On Reinforcement Learning for Large Language Models

A personal thinking on why reinforcement learning is vital for Large Language Models. [Updated 02/21]

Reinforcement Learning seems to be the right learning paradigm for AI (if we believe AI should think like us). Why? If we have a goal, we take action and get feedback, and then we learn from the feedback until we achieve the goal.

RL with Reward Signal

Arguably, the most convincing RL method so far is Alpha-Go/Zero . In July 2024, Google-Deepmind presented AlphaProof, a new reinforcement-learning-based system for formal math reasoning. When tackling this year’s International Mathematical Olympiad, it achieved the same level as a silver medalist in the competition.

It utilizes models to generate proofs, uses reward oracle (formal language Lean) to generate feedback (right or wrong), and uses RL algorithms to optimize. It becomes successful by scaling up the model. Of course, there are many other components, such as the Formalizer network, but, as mentioned in David’s talk, it is essentially just RL at a large scale.

Another example is the ongoing Reinforcement Fine-Tunning (RFT) from OpenAI. This program allows developers to fine-tune existing models by providing a small set (dozens to thousands) of high-quality questions and reference answers. It says, “This technique reinforces how the model reasons through similar problems and improves its accuracy on specific tasks in that domain.” This is quite exciting, as we can use only a small number of samples (I think 10-1000 is small nowadays) to achieve amazing performance in advanced scientific tasks via RL algorithms.

More importantly, these are truly what humans do when facing a new task: We take action and get feedback, then “learn from the feedback” until we achieve our goal. This makes the idea of RL so natural for learning and improving the LLMs/AI. And then, different “learn from the feedback” will yield different RL algorithms.

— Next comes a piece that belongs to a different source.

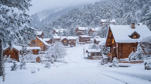 Charming log cabins blanketed in snow rest quietly in a mountainous winter landscape, evoking feelings of warmth, coziness, and seasonal tranquility amidst nature's beauty.

Good RL algorithms for LLMs are akin to good learning habits in humans.

Offline RL vs. Imitation Learning

RL has yet to exhibit its full potential for LLMs. Existing post-training/fine-tunning methods are mostly “Imitation Learning” style. For example, the popular Direct Preference Optimization algorithm uses the Bradley-Terry model to construct the negative log-likelihood loss over the preference data—essentially an imitation learning approach.

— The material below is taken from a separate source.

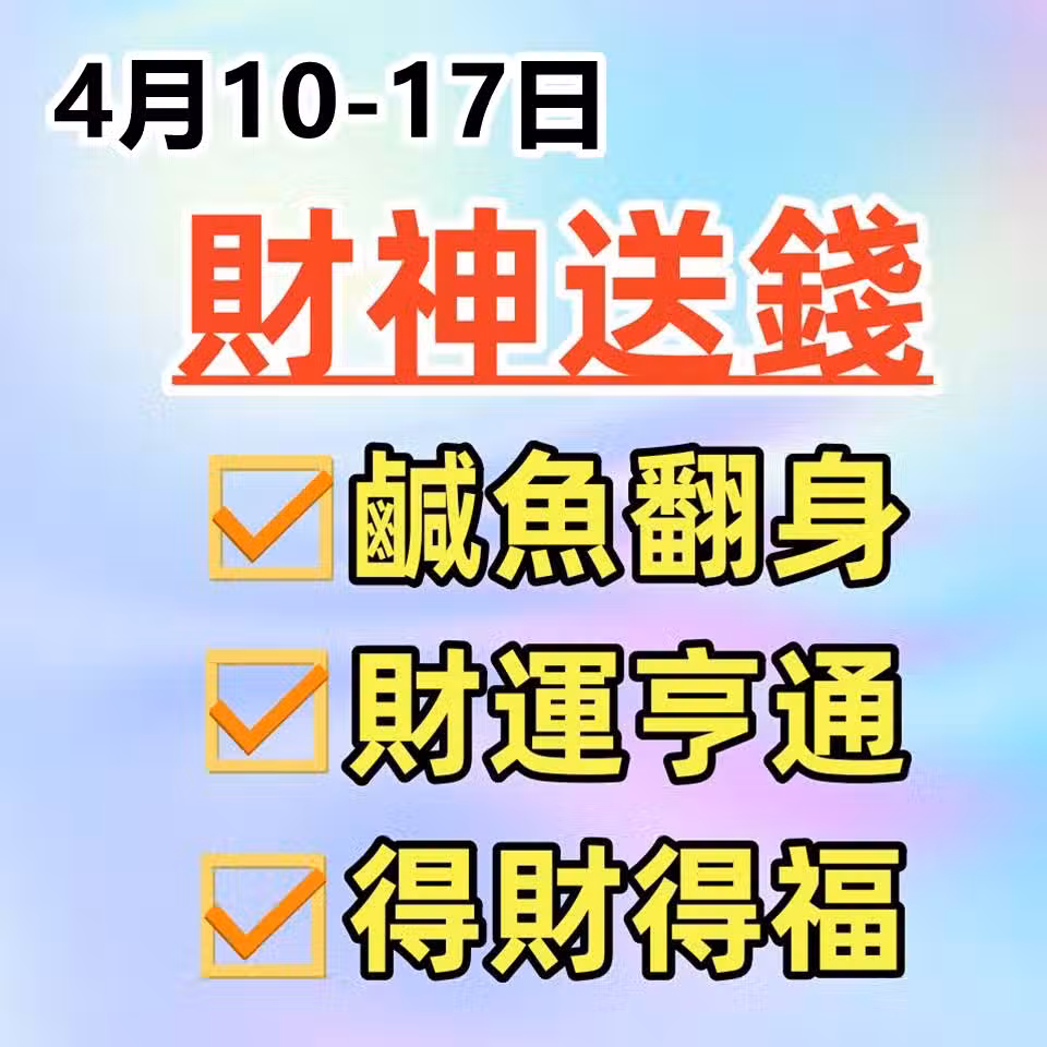 4月10-17日財神送錢,鹹魚翻身財運亨通,得財得福的生肖

What offline RL should do is stitch, effectively ‘stitching’ together (and also modifying) parts of the historical demonstrations to generate unseen, higher-quality ones. This idea is reminiscent of how we write papers—We have all the existing papers and leverage existing techniques together to generate new techniques/results.

It is natural that the same thing should happen to LLMs, which is offline RL (Of course, we should not go too far to forget the safety concerns, so adding a KL regularizer :)). There are some efforts in the simulated robotics tasks , but very few for LLMs (if any).

RL without Feedback

In many situations, having feedback is not possible, and the RL loop contains only state and action. In this case, humans can still learn from previous responses/actions (historical data), reasoning about them, and coming up with an improved solution. It might be critical that LLMs also consider this perspective.

A Bright Future for RL

While RL has its limitations and challenges, its potential for advancing AI is immense. From improving LLMs to tackling complex problems like formal reasoning and beyond, RL offers a natural, human-like learning paradigm. Let’s focus on the bright side as we continue to explore its possibilities!

02/21 Update: RL significantly improves Math Reasoning on the GSM8K Data

DeepSeek-R1(-Zero) exhibits surprising capability for reasoning tasks such as Math and Coding , rivaling openai-o1.

I also tried it myself, and here is my Setup:

Base Model: Qwen2.5-1.5B-Instruct;
Dataset: GSM8K; Training size: 7472 , Testing size: 1319.

RL Training:

Group Relative Policy Optimization (GRPO) , GRPOConfig, GRPOTrainer from trl.trainer;
Epoch: 1, Learning Rate: 1e-5;
8 H100s training for 5Hrs.

SFT Training:

Supervised Fine-tuning, SFTTrainer, SFTConfig from trl;
Epoch: 2, Learning Rate: 1e-6; The (Epoch, Learning Rate) pair is determined after hyperparameter search, This setup gives the highest accuracy on the test set;
4 H100s training for 10Mins.

Evaluation:

Correct if generated_answer == true_answer.

Takeaway: Reinforcement Learning significantly enhances the original model’s performance by 27% and surpasses the SFT approach by nearly 20%. This demonstrates RL’s strong potential for tackling challenging reasoning tasks! However, this improvement comes at the cost of increased computational overhead. The code is available here.